▸ **Supplied data**:

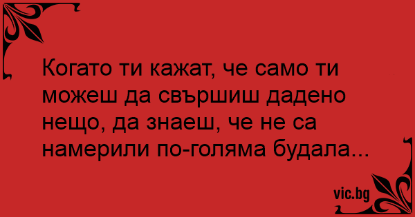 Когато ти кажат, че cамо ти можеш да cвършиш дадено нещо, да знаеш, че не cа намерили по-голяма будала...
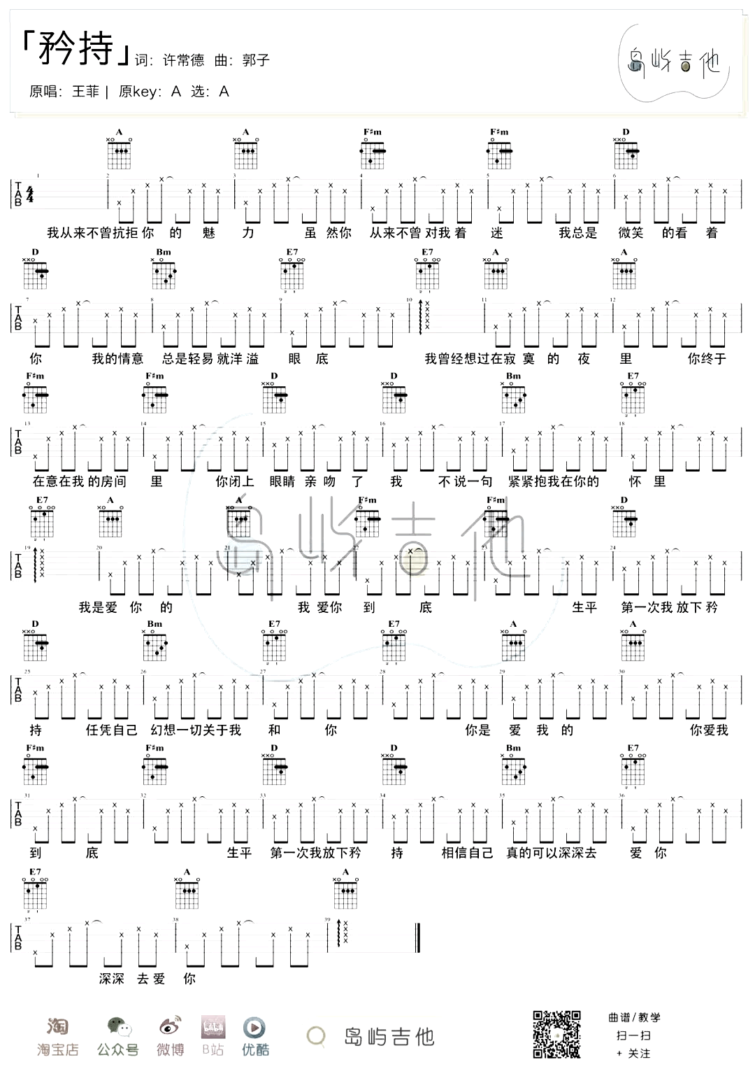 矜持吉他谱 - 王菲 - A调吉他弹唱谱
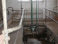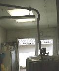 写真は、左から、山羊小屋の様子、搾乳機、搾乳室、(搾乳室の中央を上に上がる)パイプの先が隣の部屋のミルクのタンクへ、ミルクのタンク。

▸ **Assignment**: Everything in the listing above must be retyped exactly, except for the pictures.

▸ **Output for this task**:
 Когато ти кажат, че cамо ти можеш да cвършиш дадено нещо, да знаеш, че не cа намерили по-голяма будала...
 矜持吉他谱 - 王菲 - A调吉他弹唱谱
 写真は、左から、山羊小屋の様子、搾乳機、搾乳室、(搾乳室の中央を上に上がる)パイプの先が隣の部屋のミルクのタンクへ、ミルクのタンク。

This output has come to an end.